Context, Compaction, and Pruning
The context for a run is the message stack provided to the model. Context is bounded by the model's context window (token limit), so long-running sessions use compaction and pruning to stay within limits without losing safety-critical information.
Context stack
Typical layers:
- System prompt (rules, tools, skills, runtime, injected files)
- Conversation history (user + assistant messages)
- Tool calls/results and attachments (command output, files, images/audio)
Tool schemas (contracts) are also part of what the model receives and therefore count toward the context window even though they are not plain-text history.
Context reports (inspectability)
For observability, the gateway produces a per-run context report that captures:
- injected workspace files (raw vs injected sizes)

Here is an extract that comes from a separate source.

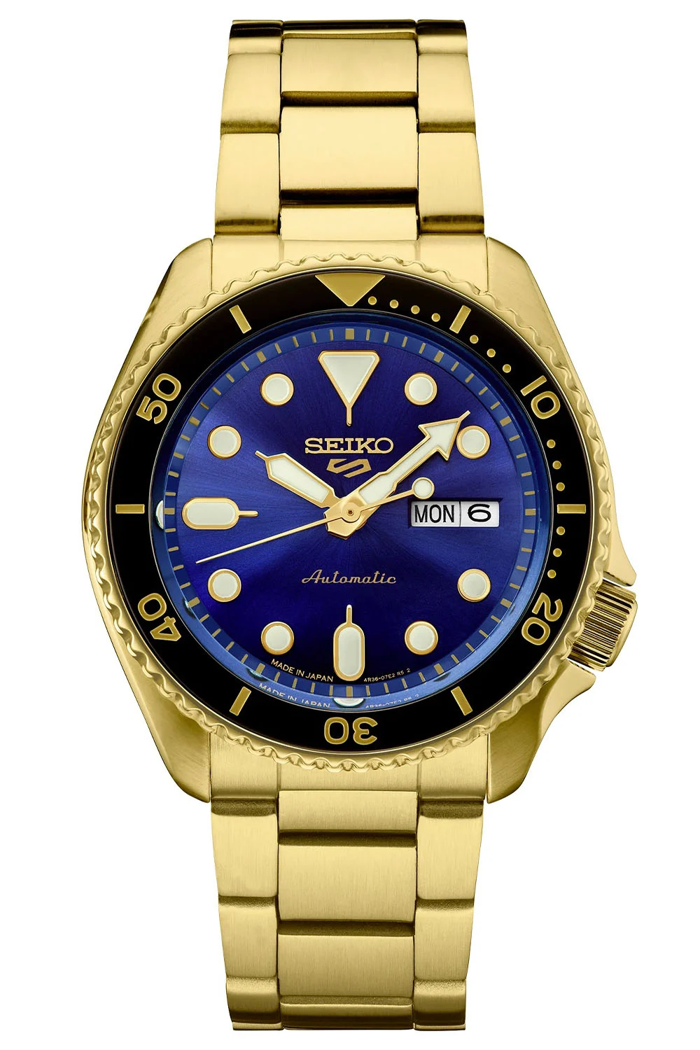 The other two watches, SRPK18 and SRPK20 have gold-coloured cases and bracelets, no two-tone here. SRPK18 also has a matte black dial with a gold bracelet, while SRPK20 gets a brushed blue dial with a gold and black bezel.

- system prompt section sizes
- largest tool schema contributors
- recent-history and tool-result contributions
Operator clients expose the report via /context list and /context detail (see Observability).
Compaction
When the session approaches the context limit, older history is compacted into a summary that preserves safety and task-relevant facts.
Compaction should:
- Keep approvals, constraints, and user preferences intact.
- Preserve key decisions and unfinished threads.
- Avoid inventing facts or deleting obligations.
Compaction vs long-term memory
Session compaction is a prompt-level optimization; it is not a long-term memory system.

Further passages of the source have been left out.